This answer is based on the experimentation I have done on the getting started tutorial code.
Mad Wombat has given a detailed explanation of the terms num_epochs, batch_size and steps. This answer is an extension to his answer.
num_epochs - The maximum number of times the program can iterate over the entire dataset in one train()
. Using this argument, we can restrict the number of batches that can be processed during execution of one train()
method.
batch_size - The number of examples in a single batch emitted by the input_fn
steps - Number of batches the LinearRegressor.train()
method can process in one execution
max_steps is another argument for LinearRegressor.train()
method. This argument defines the maximum number of steps (batches) can process in the LinearRegressor()
objects lifetime.
Let's whats this means. The following experiments change two lines of the code provided by the tutorial. Rest of the code remains as is.
Note: For all the examples, assume the number of training i.e. the length of x_train to be equal to 4.
Ex 1:
input_fn = tf.estimator.inputs.numpy_input_fn(
{"x": x_train}, y_train, batch_size=4, num_epochs=2, shuffle=True)
estimator.train(input_fn=input_fn, steps=10)
In this example, we defined the batch_size = 4 and num_epochs = 2. So, the input_fn
can emit just 2 batches of input data for one execution of train()
. Even though we defined steps = 10, the train()
method stops after 2 steps.
Now, execute the estimator.train(input_fn=input_fn, steps=10)
again. We can see that 2 more steps have been executed. We can keep executing the train()
method again and again. If we execute train()
50 times, a total of 100 steps have been executed.
Ex 2:
input_fn = tf.estimator.inputs.numpy_input_fn(
{"x": x_train}, y_train, batch_size=2, num_epochs=2, shuffle=True)
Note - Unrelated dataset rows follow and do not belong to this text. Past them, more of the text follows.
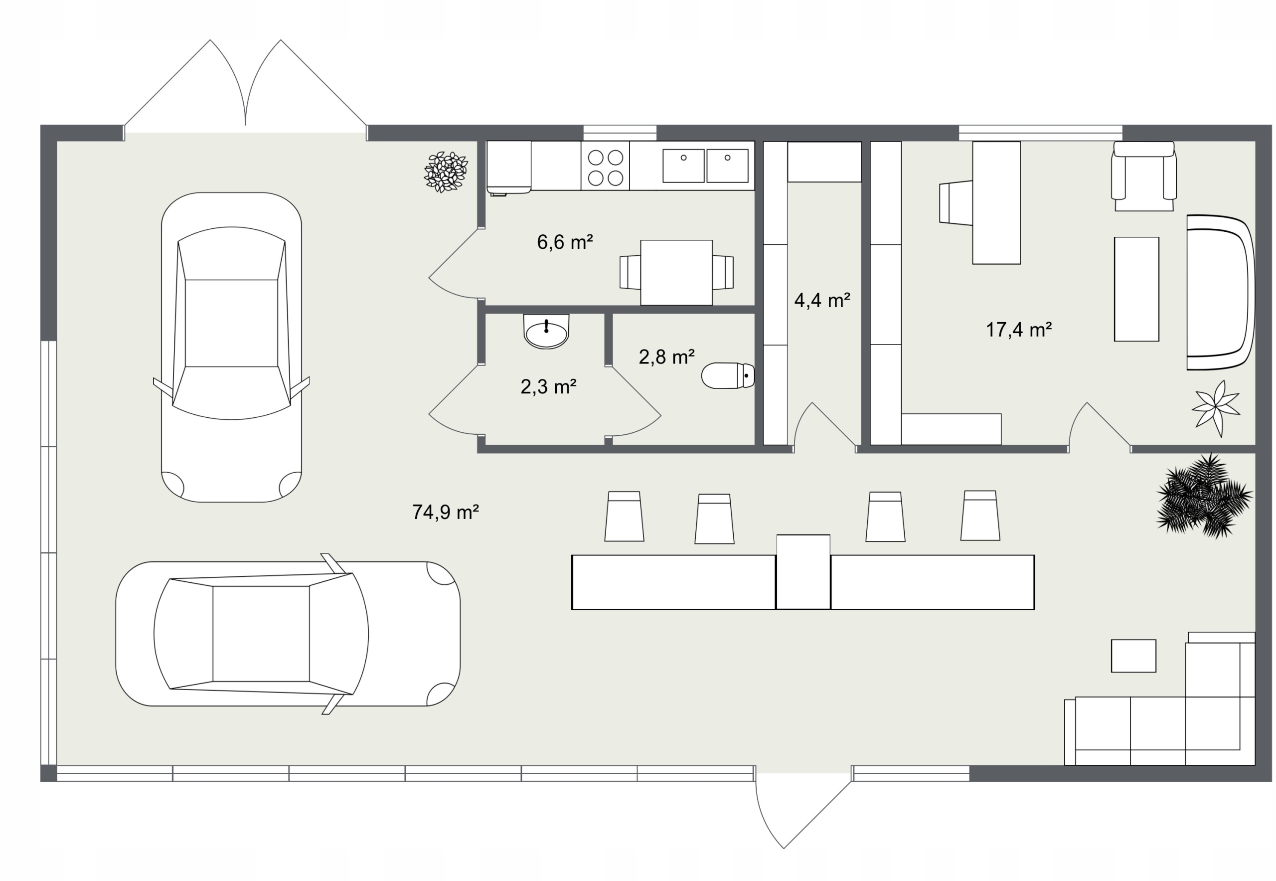 Koszt wykonania ścian działowych z płyty warstwowej wraz z drzwiami wewnętrznymi według poniższego projektu wynosi: 24000 zł brutto.
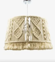 ارتقِ بإضاءة منزلك مع مصباح سقف مكرميه المميز من الشيخ سعد. مصنوع يدويًا من الألياف والمعادن، بتصميم حديث أنيق ولون اوف وايت جذاب وبمقاس 50×35 سم. يجمع بين البساطة والفخامة ليمنح منزلك لمسة من السحر والجمال.
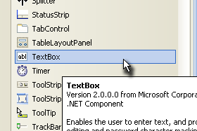 V seznamu orodij, ki je po navadi kar na levi strani, izberite komponento TextBox.
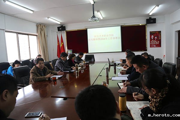 庞院长传达了2016年全省教育工作会议精神,对全年党政工作要点进行了部署,重点强调了12个方面的工作:一是加大课程建设力度,加快课程质量标准的制定,大力推进公开课和微课建设;二是制定并落实尖子生培养计划、优秀青年教师成长计划和双师型教师培养计划;三是制定教师游学、访学及挂职方案,支持鼓励教师不断提高自身的业务能力、学术和教学素养;努力推进开门办学工作,支持和鼓励优秀青年教师进企业、进学术团体,在实际工作中提升教学能力,取得双师资格;四是深入推进艺术采风活动,要在民间的文化根脉中建立自己的根据地,特别是音乐、舞蹈、美术等表演专业系,要与民间文艺组织建立良好的协作共建机制;五是量化科研指标,努力提升全院的科研能力和水平;六是要做好专业教师的考核工作,包括个人技术、教学能力、师德水平,构建进退有序的工作格局;七是加强学生教育和管理,提高学生的学习兴趣;八是加强干部队伍的培养教育,不断提高政治、道德修养和行政能力,强化规矩意识、程序意识、担当意识;九是加强财务管理,加强对学院和二级单位资金管理,加强国有资产精细化管理,合规用钱、高效用钱;十是提升管理水平,推进管理规范化、精细化,改善办学环境;十一是强化安全稳定工作,建设平安校园;十二是积极推进新校区建设,进一步推进新校区建设立项和可研工作。
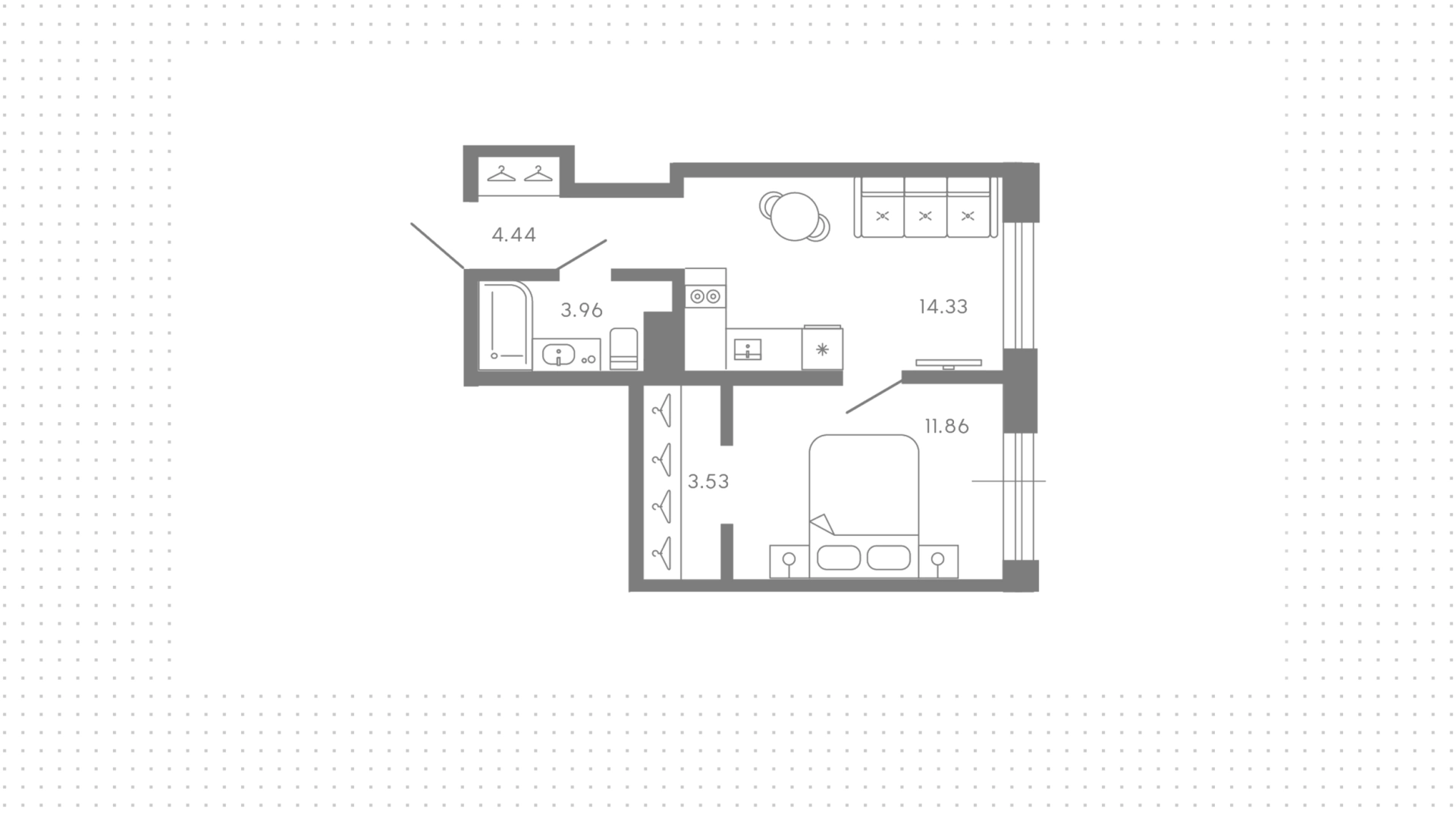 Квартиры c 1 спальней, 38 м² в ЖК 17/33, 4 этаж
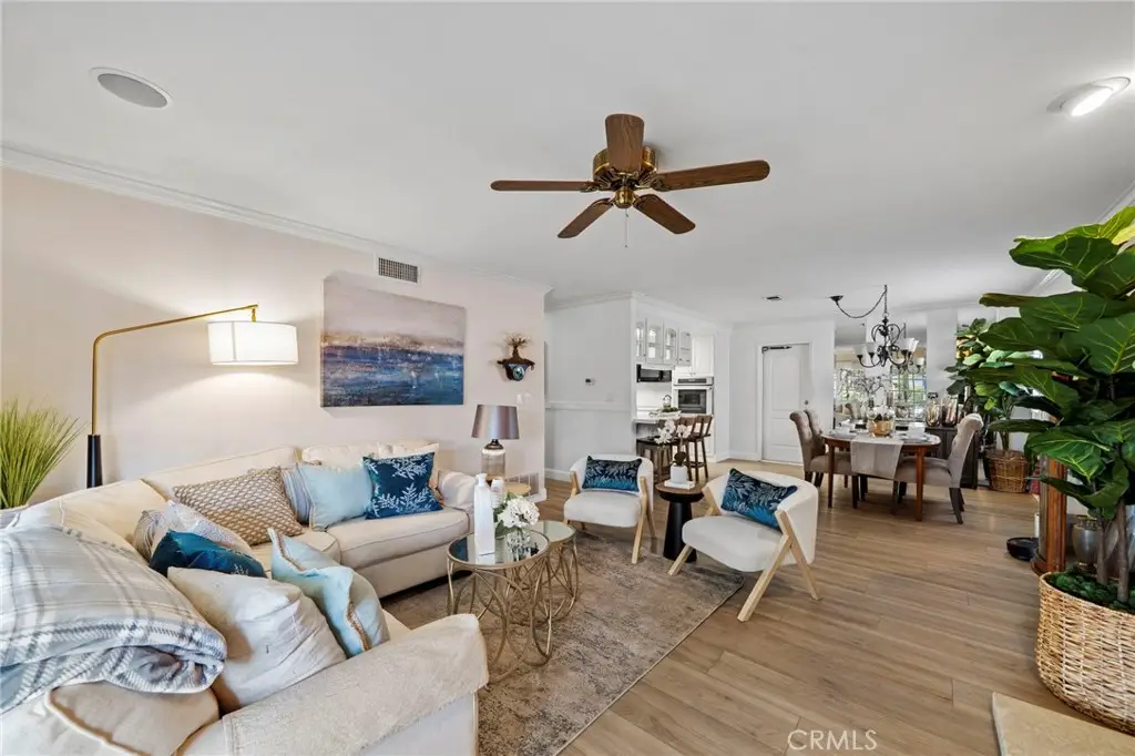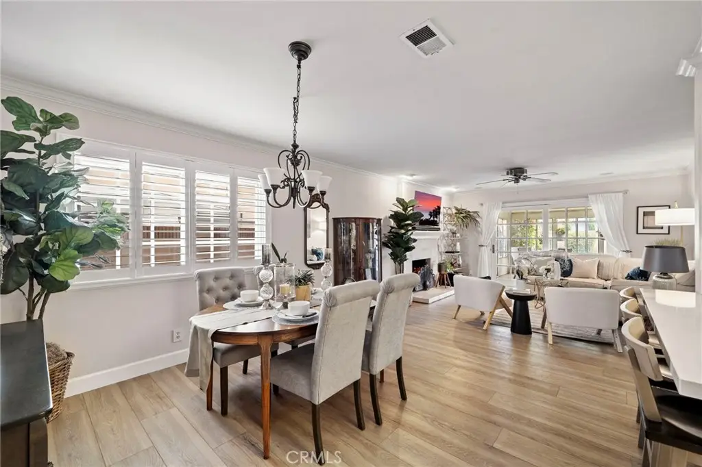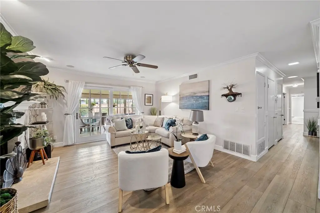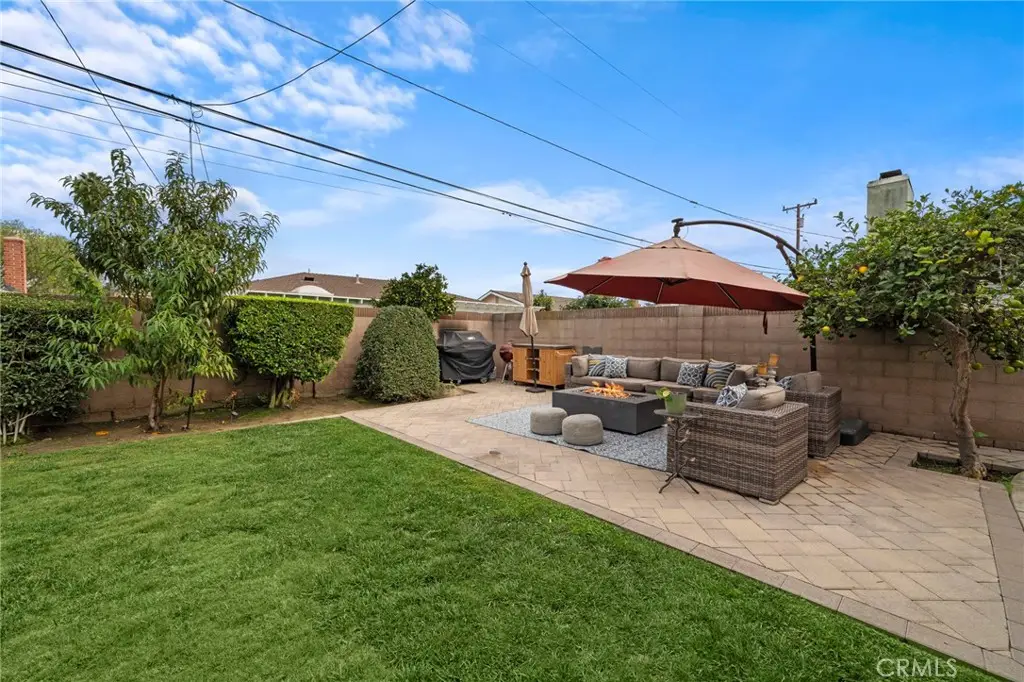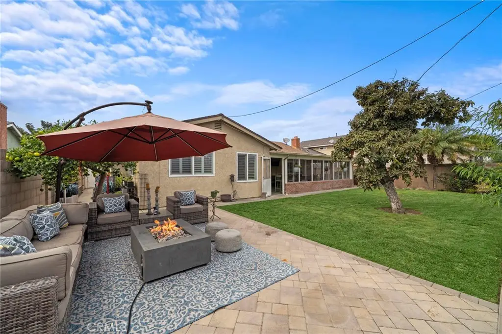 Absolutely Stunning Single-Level Home -- Expanded, Exquisite, and Impeccably Maintained. This extraordinary ranch-style Stratford home is a true masterpiece of comfort, elegance, and craftsmanship. Boasting nearly 1,700 sqft of beautifully upgraded living space plus a 450-sqft enclosed patio, it offers an entertainer's dream for dining, parties, or relaxing with family and friends. From its picture-perfect curb appeal--featuring pristine tropical landscaping, lush lawn, brick siding and walkway, and a charming front porch--to its sun-drenched open-concept interior, every inch radiates pride of ownership and timeless sophistication. Step through the inviting foyer into your dream kitchen with quartz countertops, white shaker cabinetry with pullouts and glass display panels, and a wrap-around breakfast bar open to the formal dining and living rooms. The spacious living area is accented by a travertine-style fireplace with custom mantel and elegant French doors opening to the enclosed patio--an impressive bonus space ideal for game nights, dining al fresco, or lounging year-round. The primary suite, expanded by 266 sqft, is a true retreat with a sitting area, walk-in closet, and spa-inspired bath featuring jetted soaking tub, separate walk-in shower w/bench, and travertine-style tile w/glass mosaic inlay. Three additional bedrooms are equally lovely, one currently an office/den with French doors to the patio. The hall bath offers an antique vanity and tiled tub/shower combo. Additional upgrades include wide-plank luxury waterproof vinyl flooring, tile floors in baths, dual-pane windows w/custom casings, real wood French doors, plantation shutters, recessed lighting, ceiling fans, chair railing, crown molding, tall baseboards, surround sound, and central A/C. The backyard is a tranquil paradise with an expansive lawn, interlocking paver patio, manicured landscaping, and fruit trees (lemon, pomegranate, avocado, peach) surrounded by block wall fencing for exceptional privacy. The extra-deep finished garage features a laundry area w/utility sink, cabinetry, walk-in pantry, workbenches, reinforced beams, and attic storage. Located in one of Fountain Valley's most sought-after neighborhoods near award-winning schools, McDowell Park, and just minutes from Mile Square Park, shopping, dining, and the beach--this exquisite single-story home offers the lifestyle and location buyers dream of but rarely find.
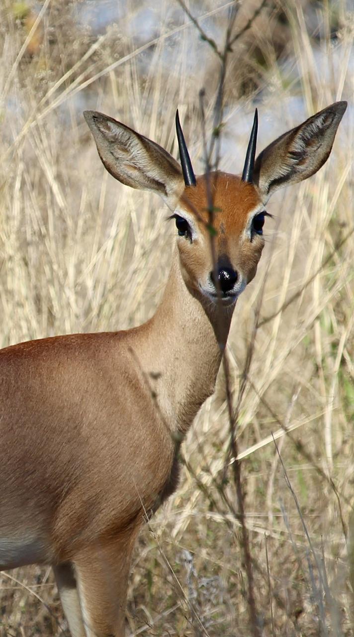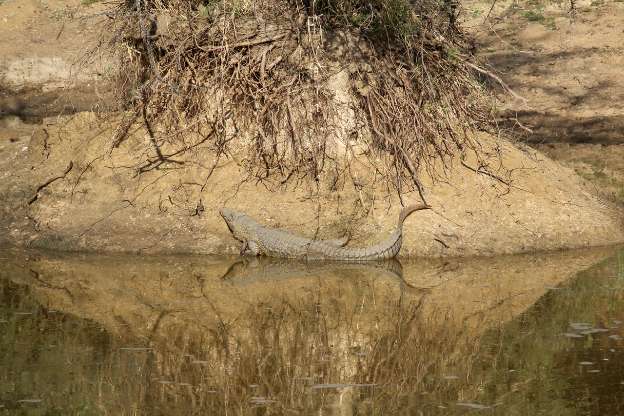Oups il est 8h20. Rien de problématique en tant que tel pour nous, mais avec tout cela le temps a filé et Tom et Marta ont un avion à prendre et doivent être à 9h au lodge et le rhino nous a passablement éloigné du lodge. Hendrick file à une allure soutenue qui ravie Noah, mais s’attardera tout de même pour prendre en photo un steenbok. J’adore ces antilopes, on dirait qu’elles viennent de sortir d’une séance de maquillage tellement elles ont les traits fins et les contours des yeux parfaitement dessinés. Puis, à un autre point d’eau on s’arrêtera pour observer notre premier crocodile qui lézarde au soleil en compagnie de quelques hippos.
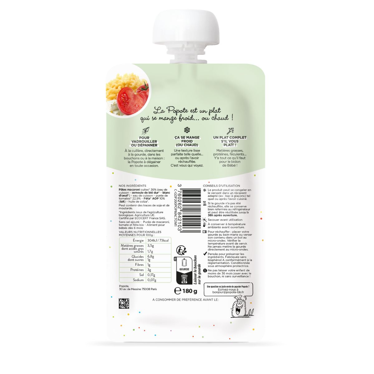 Paste macaroni fierte* 36% (apa de fierbere, GRIS DE GRAU DUR, ALBUS DE OU*), apa de fierbere, piure de rosii* 22.9%, FETA* AOP 10% (LAPTE), ulei de rapita*.
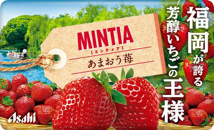 まるで福岡で苺狩りをしている気分に♡『ミンティア あまおう苺』は、福岡県産のあまおう果汁を使用し、甘味と酸味の絶妙なバランスが楽しめる一粒。
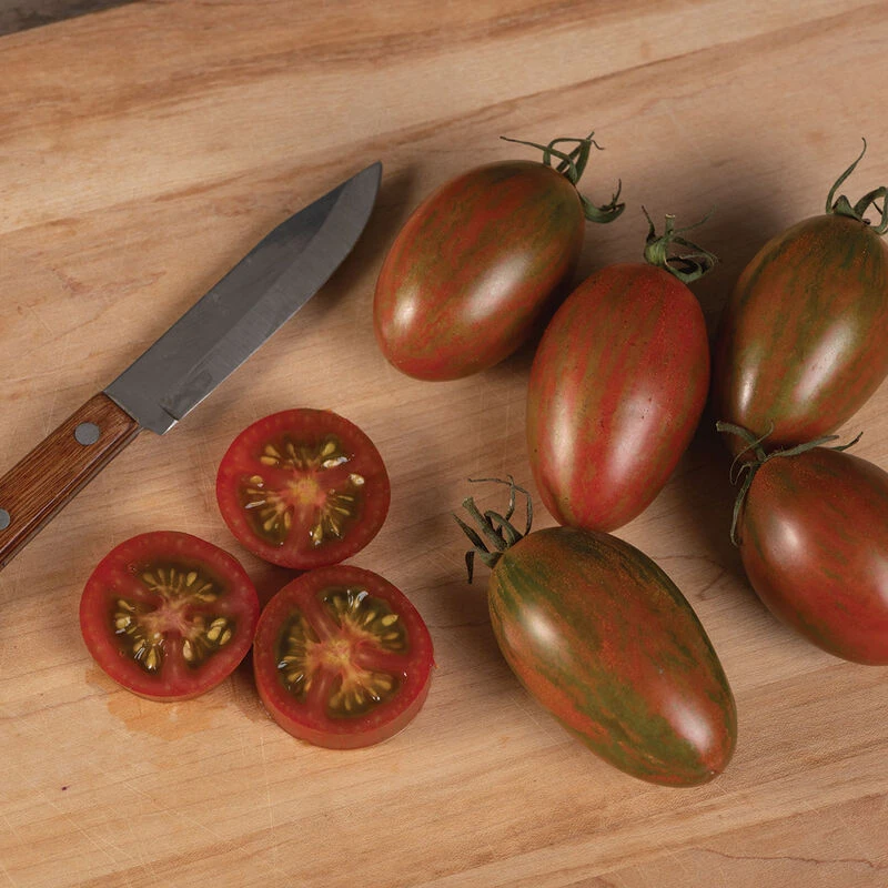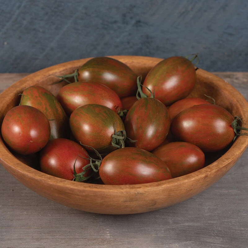 A delicious, small saladette in the Juliet size class. Fruits avg. 1 1/2 oz. and are a beautiful shade of brick red with bronze stripes. This prolific early producer is crack-resistant and performs well even under heavy disease pressure. A dramatic offering at market and a great addition to specialty mixes. Earlier and more productive than Pink Tiger. Indeterminate.
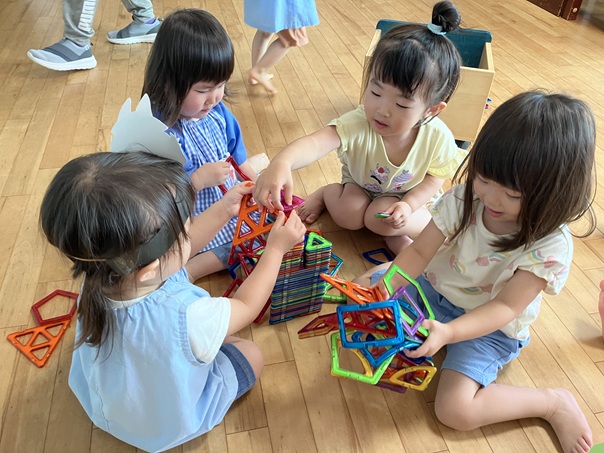 お友達と遊ぶことが大好きなAちゃん。仲のよいお友達と一緒に、ままごとや、マグフォーマーで遊びながらお喋りを楽しんでいます。
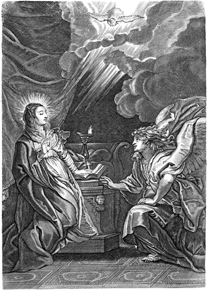 Description: The angel Gabriel visits Mary and announces that she will give birth to Jesus.
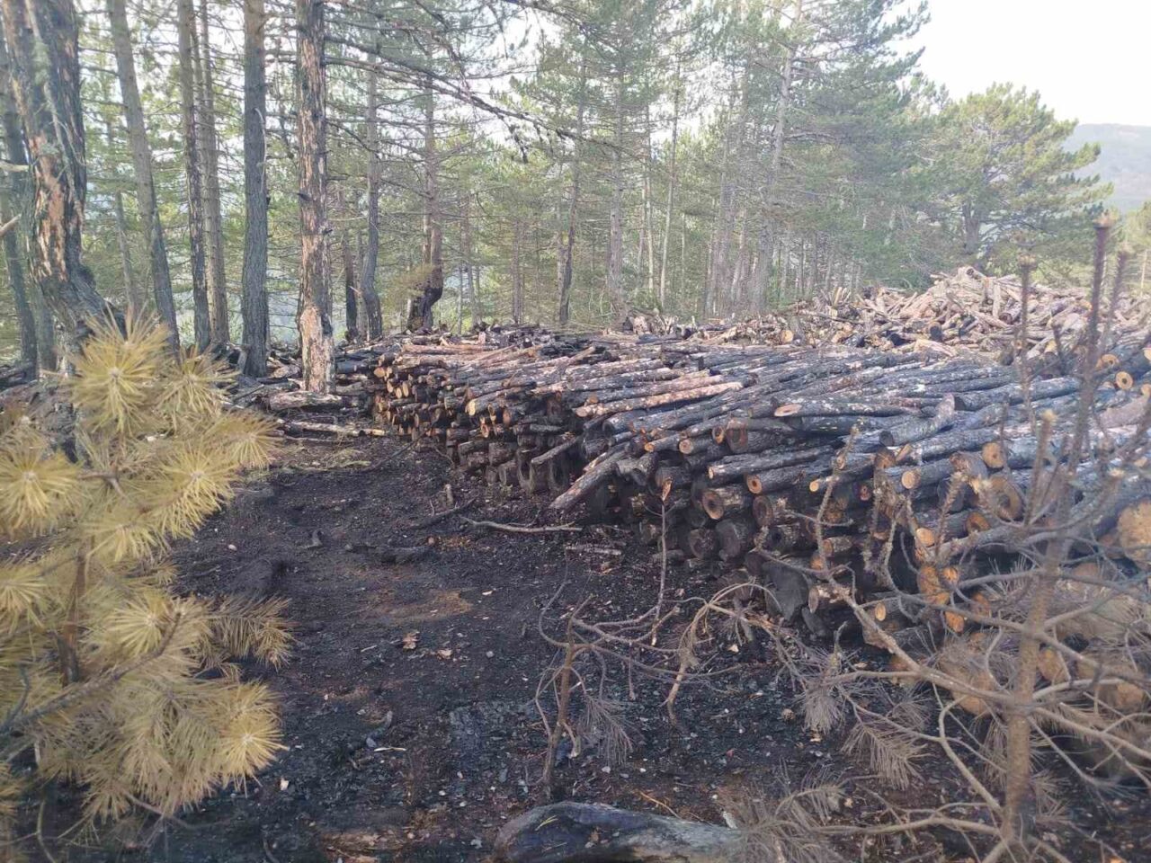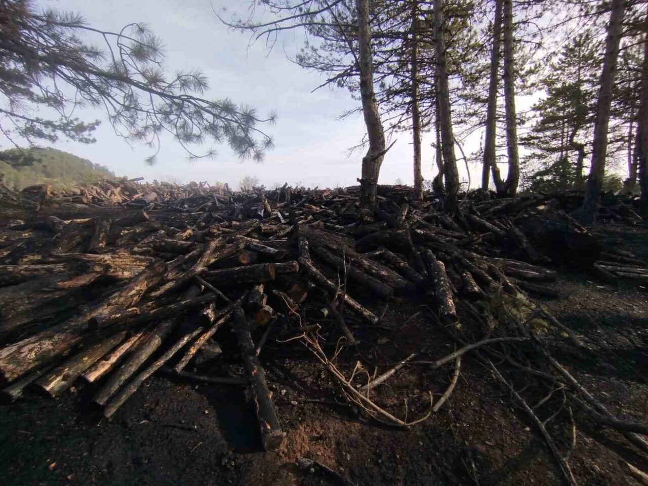 Çorum’un İskilip ilçesi, orman kesim alanında meydana gelen yangın sonucu 80 ster çam ağacı hasar gördü.

estimator.train(input_fn=input_fn, steps=10)
In this example, the value of batch_size is changed to 2 (it was equal to 4 in Ex 1). Now, in each execution of train()
method, 4 steps are processed. After the 4th step, there are no batches to run on. If the train()
method is executed again, another 4 steps are processed making it a total of 8 steps.
Here, the value of steps doesn't matter because the train()
method can get a maximum of 4 batches. If the value of steps is less than (num_epochs x training_size) / batch_size, see ex 3.
Ex 3:
input_fn = tf.estimator.inputs.numpy_input_fn(
{"x": x_train}, y_train, batch_size=2, num_epochs=8, shuffle=True)
estimator.train(input_fn=input_fn, steps=10)
Now, let batch_size = 2, num_epochs = 8 and steps = 10. The input_fn
can emit a total of 16 batches in one run of train()
method. However, steps is set to 10. This means that eventhough input_fn
can provide 16 batches for execution, train()
must stop after 10 steps. Ofcourse, train()
method can be re-executed for more steps cumulatively.
From examples 1, 2, & 3, we can clearly see how the values of steps, num_epoch and batch_size affect the number of steps that can be executed by train()
method in one run.
The max_steps argument of train()
method restricts the total number of steps that can be run cumulatively by train()
Ex 4:
If batch_size = 4, num_epochs = 2, the input_fn
can emit 2 batches for one train()
execution. But, if max_steps
is set to 20, no matter how many times train()
is executed only 20 steps will run in optimization. This is in contrast to example 1, where the optimizer can run to 200 steps if the train()
method is exuted 100 times.
Hope this gives a detailed understanding of what these arguments mean.